Se vi ne kuraĝas aŭ ne rajtas redakti tiam vi povas proponi la deziratan ŝanĝon en la diskutejo.
Memtesto ne disponeblas. Jen la dokumentaĵa subpaĝo.

--[===[

MODULE "MTMPLLOADDATA" (multiple private template to load data)

"eo.wiktionary.org/wiki/Modulo:mtbllingvoj" <!--2022-Jan-21-->
"id.wiktionary.org/wiki/Modul:mtblbahasa"

Purpose: translate (the transcludable part of) wikitext of a template
         (name is hardcoded to "tblbahasa") to 4 LUA tables that can be
         used repeatedly via the infamous "mw.loadData" command

Utilo: traduki na (la transkluzivigebla parto de) vikiteksto de sxablono
       (nomo fiksita al "tbllingvoj") al 4 LUA-tabeloj kiuj povas esti
       uzataj ripete per la famacxa ordono "mw.loadData"

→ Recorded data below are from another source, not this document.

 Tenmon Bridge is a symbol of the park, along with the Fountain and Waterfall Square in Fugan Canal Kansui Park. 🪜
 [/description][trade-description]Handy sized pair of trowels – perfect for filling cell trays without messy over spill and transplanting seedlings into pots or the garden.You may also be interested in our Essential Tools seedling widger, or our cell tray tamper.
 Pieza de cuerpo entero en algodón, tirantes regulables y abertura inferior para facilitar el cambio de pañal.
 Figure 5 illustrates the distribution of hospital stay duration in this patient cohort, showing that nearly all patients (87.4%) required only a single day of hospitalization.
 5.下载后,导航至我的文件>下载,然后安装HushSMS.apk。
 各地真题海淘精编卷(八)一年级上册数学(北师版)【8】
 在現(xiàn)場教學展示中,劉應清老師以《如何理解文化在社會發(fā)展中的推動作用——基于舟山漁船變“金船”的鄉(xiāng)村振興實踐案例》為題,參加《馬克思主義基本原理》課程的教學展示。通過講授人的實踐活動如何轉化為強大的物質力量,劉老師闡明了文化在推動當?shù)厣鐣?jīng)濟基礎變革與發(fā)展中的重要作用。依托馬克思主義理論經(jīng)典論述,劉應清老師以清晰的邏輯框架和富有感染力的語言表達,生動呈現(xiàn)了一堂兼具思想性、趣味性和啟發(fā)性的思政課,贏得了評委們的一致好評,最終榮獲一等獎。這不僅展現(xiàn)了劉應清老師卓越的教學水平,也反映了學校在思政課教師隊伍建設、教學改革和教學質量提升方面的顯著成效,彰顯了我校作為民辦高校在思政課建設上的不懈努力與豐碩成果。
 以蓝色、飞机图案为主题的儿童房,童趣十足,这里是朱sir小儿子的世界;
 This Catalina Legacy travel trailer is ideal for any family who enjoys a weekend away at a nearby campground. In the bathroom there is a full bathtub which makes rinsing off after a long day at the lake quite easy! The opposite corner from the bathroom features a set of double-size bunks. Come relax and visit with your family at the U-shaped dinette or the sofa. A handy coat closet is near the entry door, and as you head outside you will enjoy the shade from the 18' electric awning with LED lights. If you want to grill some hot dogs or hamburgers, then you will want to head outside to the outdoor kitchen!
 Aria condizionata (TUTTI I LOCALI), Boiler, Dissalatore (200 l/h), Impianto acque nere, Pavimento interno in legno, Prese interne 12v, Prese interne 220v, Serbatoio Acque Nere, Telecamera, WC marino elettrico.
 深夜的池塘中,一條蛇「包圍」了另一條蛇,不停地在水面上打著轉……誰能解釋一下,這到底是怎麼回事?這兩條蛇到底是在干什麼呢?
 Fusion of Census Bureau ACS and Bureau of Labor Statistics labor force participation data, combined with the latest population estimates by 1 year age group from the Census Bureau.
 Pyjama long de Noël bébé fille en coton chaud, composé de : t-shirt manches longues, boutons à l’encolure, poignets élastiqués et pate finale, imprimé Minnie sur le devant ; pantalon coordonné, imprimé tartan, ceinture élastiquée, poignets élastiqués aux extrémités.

Manfaat: menerjemahkan (bagian yang bisa mentransklusikan) wikiteks templat
         (namanya tetap "tblbahasa") menjadi 4 tabel LUA yang bisa digunakan
         beberapa kali melalui perintah "mw.loadData" yang terkenal buruk

Syfte: oeversaetta (den transkluderingsbara delen av) wikitext fraan en mall
       (namn fastslaget till "tbllingvoj") till 4 LUA-tabeller som kan
       anvaendas upprepade gaanger medelst det oekaenda
       kommandot "mw.loadData"

Incoming: * nothing (imported via "mw.loadData", no ordinary caller)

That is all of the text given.